Instructions for the task »
Starting with the first line of the data below, copy each line up to and including the one containing "From here, you". Pictures stay out.

Collected material »

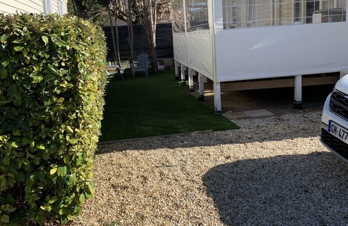 Casa móvil ubicada en una zona muy tranquila en Les Sables du Midi. Equipado para 5 personas máximo. Terraza cubierta. 1 lugar para el automóvil frente a la casa móvil.
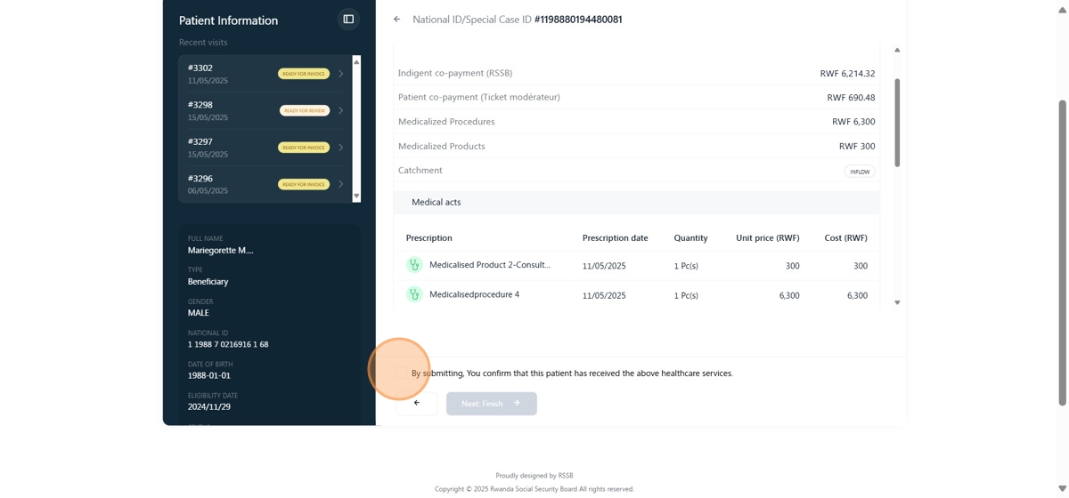 From here, you can see that RSSB will pay RWF 0, as the amount has already been covered under capitation, and the patient will only pay RWF 200.
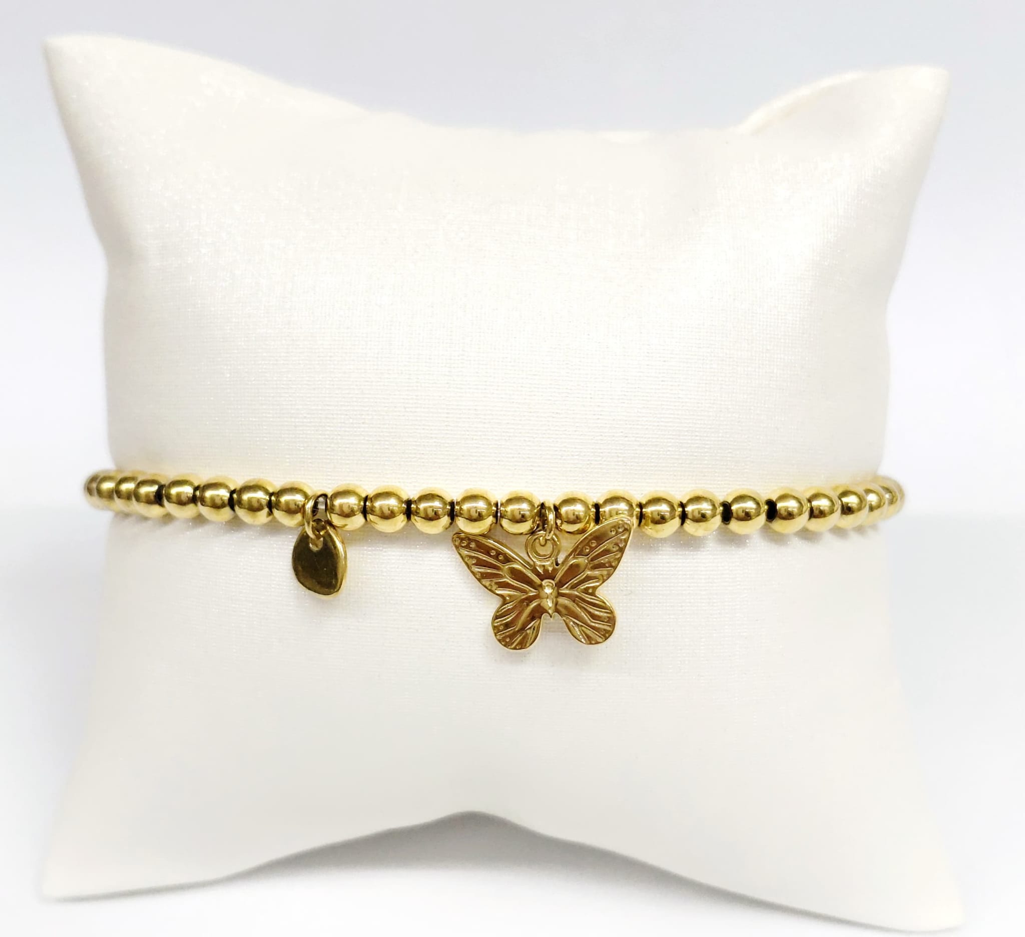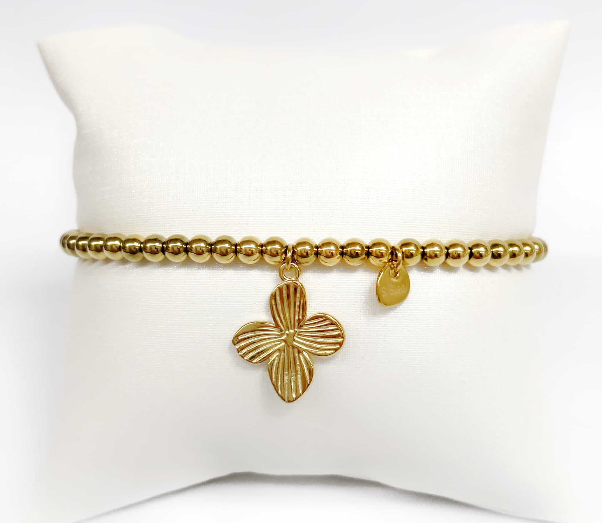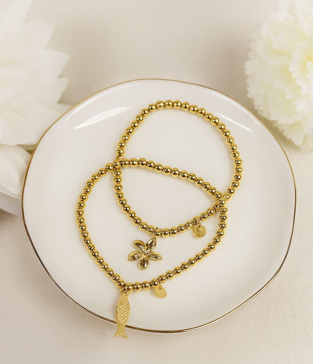 Una pulsera de cuentas doradas con un dije de flor, coral etc combina los significados del oro, las cuentas, simbolizando valor, durabilidad, armonía, dulzura, y búsqueda de equilibrio interior o espiritualidad. El oro representa un regalo de valor y afecto, simboliza energías positivas y la dulzura, mientras que las cuentas pueden evocar introspección y una conexión con lo espiritual.

Reply »
 Casa móvil ubicada en una zona muy tranquila en Les Sables du Midi. Equipado para 5 personas máximo. Terraza cubierta. 1 lugar para el automóvil frente a la casa móvil.
 From here, you can see that RSSB will pay RWF 0, as the amount has already been covered under capitation, and the patient will only pay RWF 200.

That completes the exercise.